Coastwatch works from satellites, and if there is any significant cloudiness, it shows inaccurately low temps. That being said, you can't catch fish if your line isn't in the water. I doubt that the actual temps are in the 50's, but they might be.


----------



## Fishfighter (Dec 20, 2009)

I was up in Rogers city even a few miles out and way north the temps were around 73 degrees and the wind had the water so stirred up you couldn't find a thermocline


----------



## Multispeciestamer (Jan 27, 2010)

yea there was cold water near shore and 70 degree water off shore looked on coastwatch and noaa, havnt looked today. Heard theres some kings in on other rivers and they are getting close down here. Last resort ill head to the pier heads in oscoda one morning.


----------



## Multispeciestamer (Jan 27, 2010)

just checked it says is like 70-72 right now with a few cold water spots in the upper 59-62 range


----------



## Ralph Smith (Apr 1, 2003)

Multispeciestamer said:


> just checked it says is like 70-72 right now with a few cold water spots in the upper 59-62 range


post a link to the site your using, I bet your reading clouds as mentioned?


----------



## Multispeciestamer (Jan 27, 2010)

Ralph Smith said:


> post a link to the site your using, I bet your reading clouds as mentioned?


 go to coastwatch or NOAA


----------



## Multispeciestamer (Jan 27, 2010)

coast watch

http://www.coastwatch.msu.edu/huron/h2.html

NOAA

http://www.crh.noaa.gov/greatlakes/?c=tmp&l=lh&p=a

I am leaving now wish me luck


----------



## Ralph Smith (Apr 1, 2003)

Multispeciestamer said:


> coast watch
> 
> http://www.coastwatch.msu.edu/huron/h2.html
> 
> ...


Good luck. The coastwatch one is the one reading cloud temps.
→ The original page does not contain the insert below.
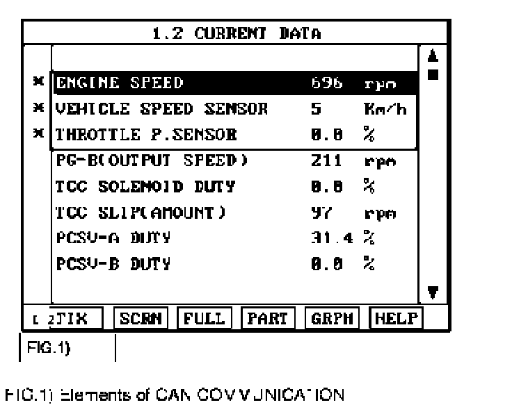 3. Monitor the "CAN COMMUNICATION SERVICE DATA (ENGINE RPM, VEHICLE SPEED SENSOR, THROTTLE P. SENSOR)" parameters on the Scantool.

Big difference between that one and the noaa site. I like the noaa, but use this one. Find it more accurate. Just wish I could zoom in on certain areas......http://www.glerl.noaa.gov/res/glcfs/glcfs.php?lake=h&ext=swt&type=F&hr=03


----------



## Multispeciestamer (Jan 27, 2010)

Yea we never made it out to a place to salmon fish but we fished the river. Vary clear river must say. Landed one pike the first day there other kids landed one smallmouth some rockbass and gobies. Next morning I went to a different dam seen a few fish rise but caught nothing. later we fished a spot farther up river, the group founder got a brookie after a few casts I caught a creek chub on the fly and that was it for that spot. After lunch we headed to another spot i landed a shinner species on the fly and another kid landed a smallmouth on an inline spinner. Lots of tubers at this spot. That night we headed to the spot i landed the pike the first night. Hooked a smallmouth right away a 13-15 incher a few cast later i land the fatest smallie ive ever seen only 13 3/4". My friend then hooks a 13-15 smallmouth and a 18 inch pike. Another kid lands a 13 inch smallie. I take another cast and wham 21" smallie to end the night and the trip.


----------



## big_phish (Jan 1, 2009)

Multispeciestamer said:


> Yea we never made it out to a place to salmon fish but we fished the river. Vary clear river must say. Landed one pike the first day there other kids landed one smallmouth some rockbass and gobies. Next morning I went to a different dam seen a few fish rise but caught nothing. later we fished a spot farther up river, the group founder got a brookie after a few casts I caught a creek chub on the fly and that was it for that spot. After lunch we headed to another spot i landed a shinner species on the fly and another kid landed a smallmouth on an inline spinner. Lots of tubers at this spot. That night we headed to the spot i landed the pike the first night. Hooked a smallmouth right away a 13-15 incher a few cast later i land the fatest smallie ive ever seen only 13 3/4". My friend then hooks a 13-15 smallmouth and a 18 inch pike. Another kid lands a 13 inch smallie. I take another cast and wham 21" smallie to end the night and the trip.


Yup, I'd definately say your a multi-species tamer.


----------